Secondly, unlike Europe and Japan, the United States is one of the global Big Five in terms of mineral wealth, with known reserves of fossil fuels and minerals worth at least $30 trillion — more than Australia, Saudi Arabia and China, though less than Russia. In particular, the United States is poised to profit from an energy revolution that has seen shale gas leap from 1 percent of U.S. natural gas production in 2000 to 35 percent today. American natural gas is a quarter the price of East Asian and a third the price of German. The combination of an increasingly competitive labor market and cheap energy is going to spark a remarkable recovery of U.S. manufacturing in the near future.

Finally, as the world warms and climate becomes more volatile, North America will fare better than East Asia. Natural disasters will happen, of course, as Hurricane Sandy reminded us. But there will be more on the other side of the Pacific. Good luck to Asia’s coastal megacities.

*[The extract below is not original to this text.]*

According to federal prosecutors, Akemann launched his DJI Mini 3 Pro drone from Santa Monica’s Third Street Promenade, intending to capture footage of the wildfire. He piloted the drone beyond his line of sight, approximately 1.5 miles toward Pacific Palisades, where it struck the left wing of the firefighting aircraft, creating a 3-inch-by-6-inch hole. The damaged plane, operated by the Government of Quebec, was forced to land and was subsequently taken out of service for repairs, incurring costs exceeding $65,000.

They will need it.

Already things look better for the United States than for the rest of the West. The I.M.F. projects 2.3 percent growth next year, compared with 1.2 percent for Japan and 0.7 percent for the euro zone. That divergence will persist.

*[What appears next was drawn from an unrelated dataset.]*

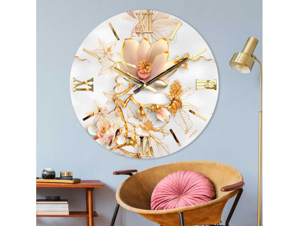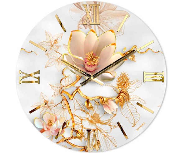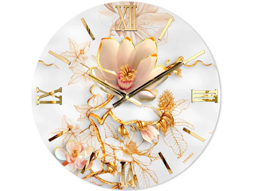 Delicato, elegante e tridimensionale, con un forte tema floreale. Orologio circolare con quadrante lucido, decorato a mano con foglia oro e numeri sovrapposti in Plexiglass lucido con effetto specchio. Lancette in metallo lucido. Realizzato artigianalmente in Italia con base in legno e resina colata lucida.

In America, the economic trends toward self-sufficiency and manufacturing recovery may encourage a new phenomenon: liberal isolationism, as the country reverts to its default aversion to “foreign entanglements.” By contrast, Europe and Japan will continue to languish, denying themselves the relief of higher immigration or nuclear power, stagnating under piles of debt that will become harder and harder to finance. In these stationary states, populism will take uglier forms. After more than half a century, European integration may turn into disintegration.

Meanwhile, in the mobile states of the developing (and still growing) world, there will be more bourgeois revolutions, in the classical sense of revolutions against autocracy led by aspirant middle classes. Already, according to Credit Suisse, more than 300 million Chinese adults have wealth of between $10,000 and $100,000, while close to 20 million have wealth above $100,000. These people are discovering that their hard-won private property needs to be protected by the rule of law, and that the biggest threat to that is a corrupt Communist Party, which they are increasingly able and willing to criticize in online microblogs.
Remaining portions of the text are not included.